Fertilising guide
How to fertilise Pilea involucrata 'Norfolk' (Pilea involucrata 'Norfolk')— schedule & NPK
Also called Norfolk friendship plant, patterned pilea.
More about pilea involucrata 'norfolk'
About Pilea involucrata 'Norfolk'
Pilea involucrata 'Norfolk' · also called Norfolk friendship plant, patterned pilea · houseplant
Pilea involucrata 'Norfolk' is a compact friendship plant prized for quilted bronze-green leaves veined with iridescent silver and deep copper undersides. It likes warm, humid conditions, bright indirect light and evenly moist, well-draining soil. A low bushy grower, it makes a colourful terrarium or tabletop plant. ASPCA-listed as non-toxic to cats and dogs.

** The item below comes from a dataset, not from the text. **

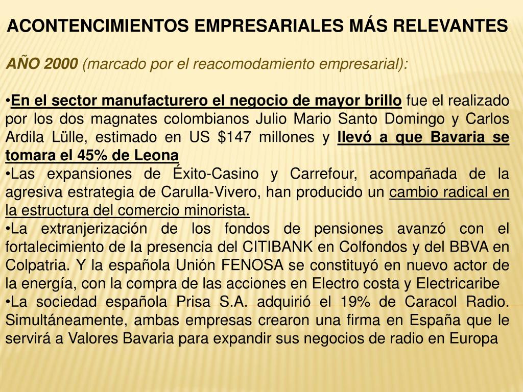 ACONTENCIMIENTOS EMPRESARIALES MÁS RELEVANTES • AÑO 2000 (marcado por el reacomodamiento empresarial): • En el sector manufacturero el negocio de mayor brillo fue el realizado por los dos magnates colombianos Julio Mario Santo Domingo y Carlos ArdilaLülle, estimado en US $147 millones y llevó a que Bavaria se tomara el 45% de Leona • Las expansiones de Éxito-Casino y Carrefour, acompañada de la agresiva estrategia de Carulla-Vivero, han producido un cambio radical en la estructura del comercio minorista. • La extranjerización de los fondos de pensiones avanzó con el fortalecimiento de la presencia del CITIBANK en Colfondos y del BBVA en Colpatria. Y la española Unión FENOSA se constituyó en nuevo actor de la energía, con la compra de las acciones en Electro costa y Electricaribe • La sociedad española Prisa S.A. adquirió el 19% de Caracol Radio. Simultáneamente, ambas empresas crearon una firma en España que le servirá a Valores Bavaria para expandir sus negocios de radio en Europa

Growth habit: Low, bushy and spreading, forming a mound of quilted leaves on short stems; stems trail and root as the plant matures.
What fertiliser pilea involucrata 'norfolk' actually wants — and why
Pilea involucrata 'Norfolk' is an easy, light foliage feeder — a half-strength balanced liquid feed through the growing months keeps it green without forcing weak, sappy growth.
A balanced general houseplant feed (roughly even N-P-K) is exactly right — it is grown for foliage, so steady, moderate nitrogen for healthy leaves is the goal, not a bloom or root formula.
For the language behind the three numbers on the bottle — what nitrogen, phosphorus and potassium each do — see the NPK ratio explained entry. The short version for pilea involucrata 'norfolk': match the feed to the job the plant is doing right now, not to a generic “plant food” on the shelf.
How often to feed pilea involucrata 'norfolk', and which months
Feeding only earns its keep while the plant is in active growth and can use the nutrients — pour feed into a dormant or low-light plant and it simply builds up as root-burning salt. For pilea involucrata 'norfolk':
Feed every two to four weeks in spring and summer with a balanced liquid fertiliser diluted to half strength. Stop in autumn and winter. Over-feeding causes leggy growth and can burn the leaf margins. Treat that as sparingly through the growing season between spring through early autumn (roughly March to September); ease off in autumn and stop entirely in the low light of winter.
The dormant-season rule matters more than the exact interval: skip feeding entirely when pilea involucrata 'norfolk' is resting. For the wider context on indoor feeding rhythms across the seasons, the houseplant fertiliser schedule walks through the year month by month.
What strength to mix for pilea involucrata 'norfolk'
Half strength is the safe default for pilea involucrata 'norfolk' — houseplant feeds are formulated strong, and the diluted dose is gentler on the roots while still ample for foliage.
Feeding always goes onto already-damp soil, never dry roots — water pilea involucrata 'norfolk' first if the soil is dry, then apply the diluted feed. The companion question is when to water at all, covered in the pilea involucrata 'norfolk' watering schedule.
Signs you are over-feeding pilea involucrata 'norfolk'
Over-feeding is far more common — and more damaging — than under-feeding for most plants. The classic tells for pilea involucrata 'norfolk':
- Brown, crispy leaf tips and edges with no sign of underwatering.
- A white, crusty salt deposit on the soil surface or pot rim.
- Weak, pale, stretched new growth that flops.
- Lower leaves yellow and drop while the soil is correctly watered.
Signs you are under-feeding pilea involucrata 'norfolk'
- Uniformly pale or yellow-green leaves, oldest first.
- Noticeably small new leaves and stalled growth in good light and season.
- A generally tired, lacklustre look despite correct watering and light.
If the symptoms point at watering, light or roots rather than nutrition, the full pilea involucrata 'norfolk' care brief covers soil, humidity and the common problems for this species.
Flushing and leaching the salts
Flush the pot of pilea involucrata 'norfolk' with plain water until it runs freely from the base every couple of months in the feeding season — it washes out the fertiliser salts that cause brown tips.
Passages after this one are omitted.